Paris-Avignon. En ce début de voyage, je me détends et, bercée par le roulis du train, m’assoupis un peu. A quelques sièges de moi, une femme trop maquillée s’anime. Le vieux contrôleur aussi. Sans doute une affaire de carte de réduction oubliée. Je m’enfonce dans mon fauteuil et me perds dans mes pensées.

Mais, dans le brouhaha de la conversation entre la femme trop maquillée et le vieux contrôleur, quelques mots percent mes rêveries. Grève, SNCF, gouvernement, service public… Il n’en fallait pas plus pour que je me redresse et tende l’oreille.

Je n’entends pas les questions de la femme trop maquillée mais les devine aux longues réponses que lui apporte le vieux contrôleur. Il parle posément. Il lui explique le statut des cheminots qui ne roulent pas sur l’or, les raisons du déficit de la SNCF qui ne sont pas celles qu’on croit, les dangers de la privatisation et qui vivra verra… Et il en vient aux valeurs fondamentales du service public, aux dégâts du libéralisme,… et pousse le discours jusqu’au problème de la sémantique utilisée par le gouvernement et les médias dominants. Il parle bien, avec un peu de véhémence mais sans agressivité, avec quelques jolies touches d’humour. Il répond avec une patience d’ange aux arguments qu’elle lui oppose.

Le cercle de discussion s’élargit. Un homme cravaté appuie les dires du vieux contrôleur. Derrière lui, une femme de la soixantaine acquiesce du menton. Un autre passager que je ne peux pas voir de mon fauteuil dit quelques mots encourageants. Je suis trop loin pour intervenir mais soutiens le vieux contrôleur d’un sourire. Les échanges sont passionnés mais l’atmosphère reste douce. Le vieux contrôleur a cette aura apaisante qu’on gagne sans doute avec l’âge. Il dit tout ce qu’il faut dire. Je n’aurais pas fait mieux.

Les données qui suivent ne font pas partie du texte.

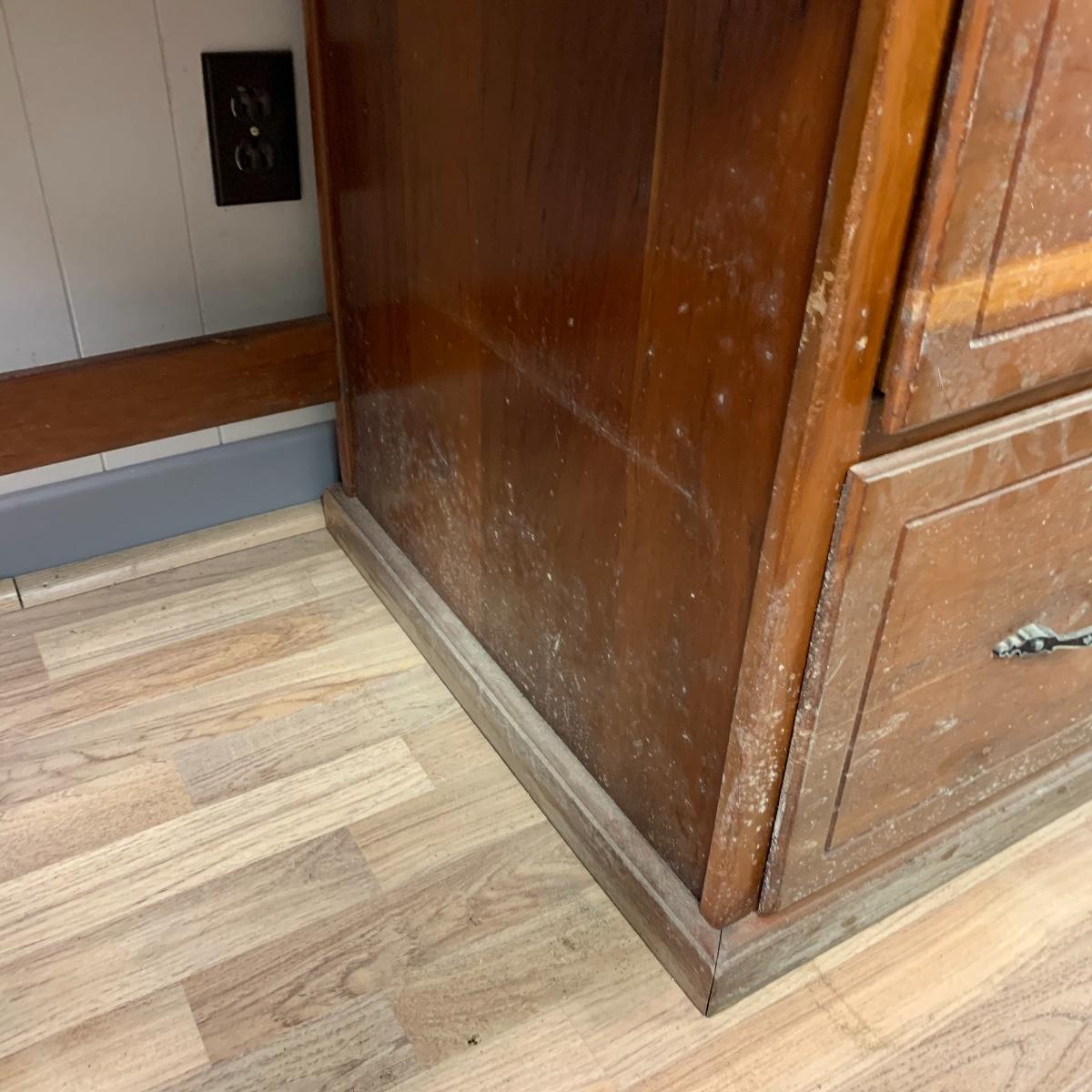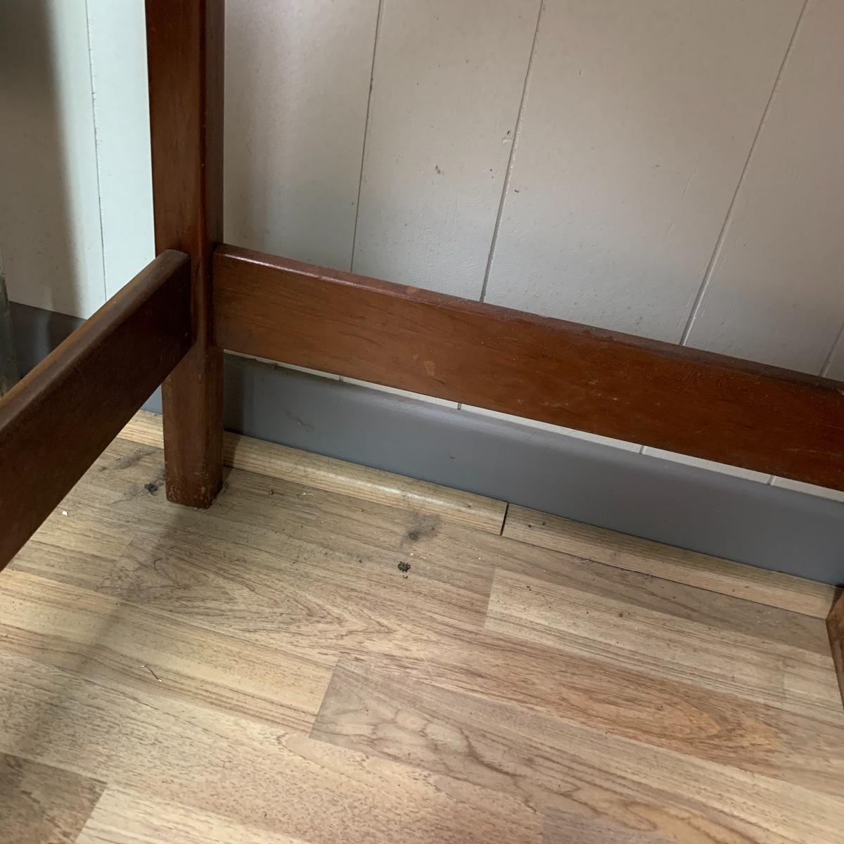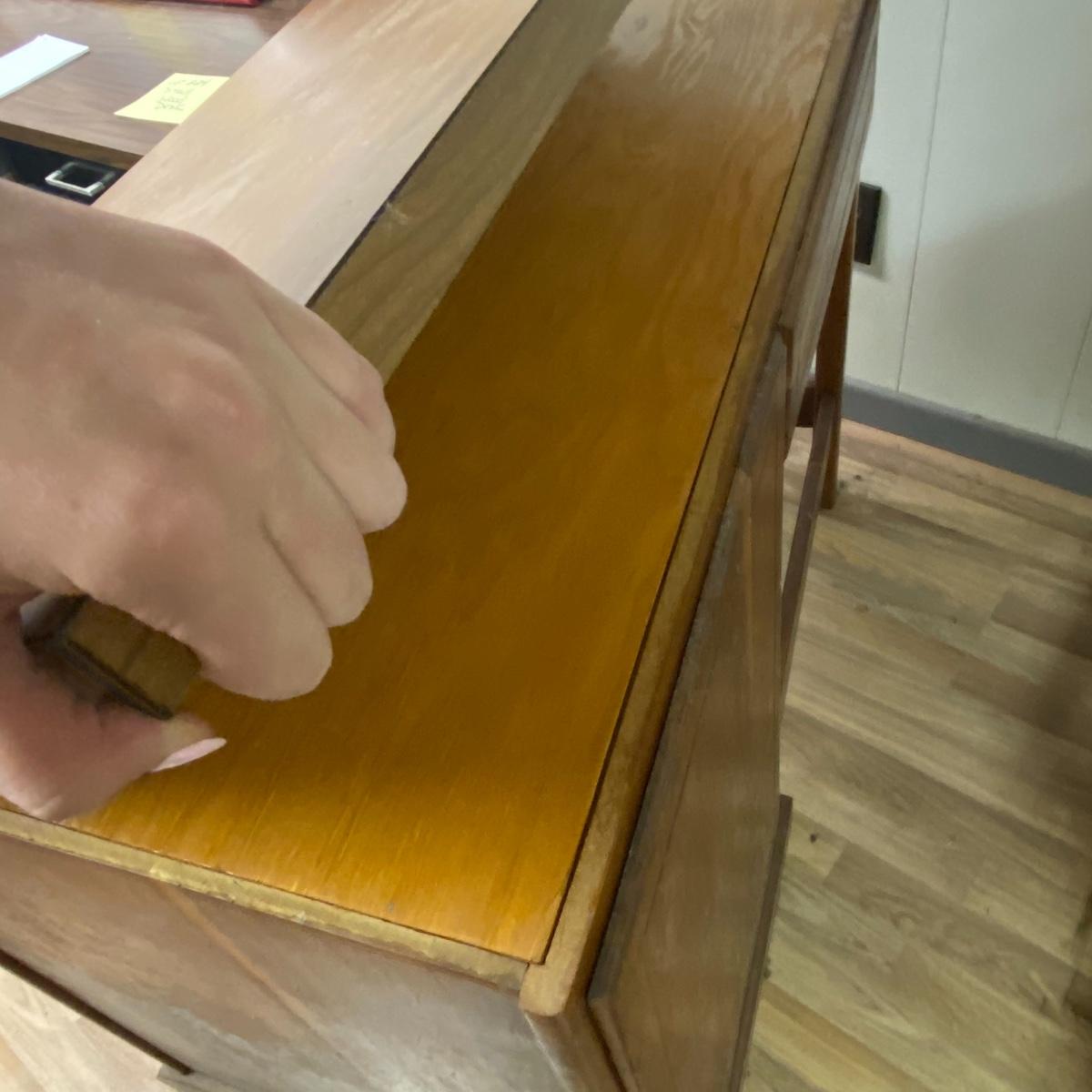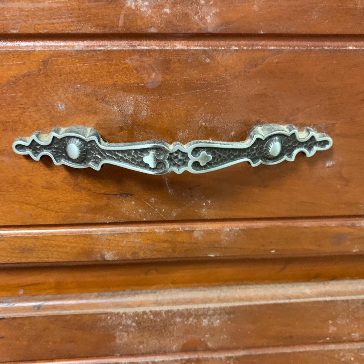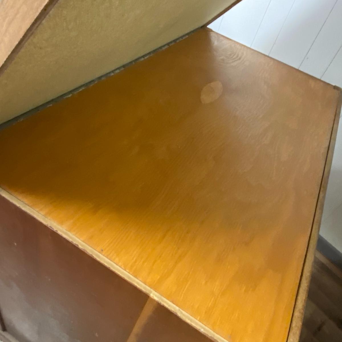 This is a nice small wooden desk with four drawers. It has accumulated some dust and would benefit from a good cleaning. Desk measures 42.5”x24”x31”. It appears an added top may give a little larger smooth surface. See photos for details. Local pickup only.

Les échanges ont duré une trentaine de minutes. Je me renfonce dans mon fauteuil, réjouie par cette jolie scène. Qui a dit que les Français n’en ont que faire de la politique ? Elle est là, au cœur de chacun, et il s’en faut d’un rien pour la faire jaillir dans les repas de famille, à la cantine, sur le marché… ou dans un train qui roule sans heurt vers le sud.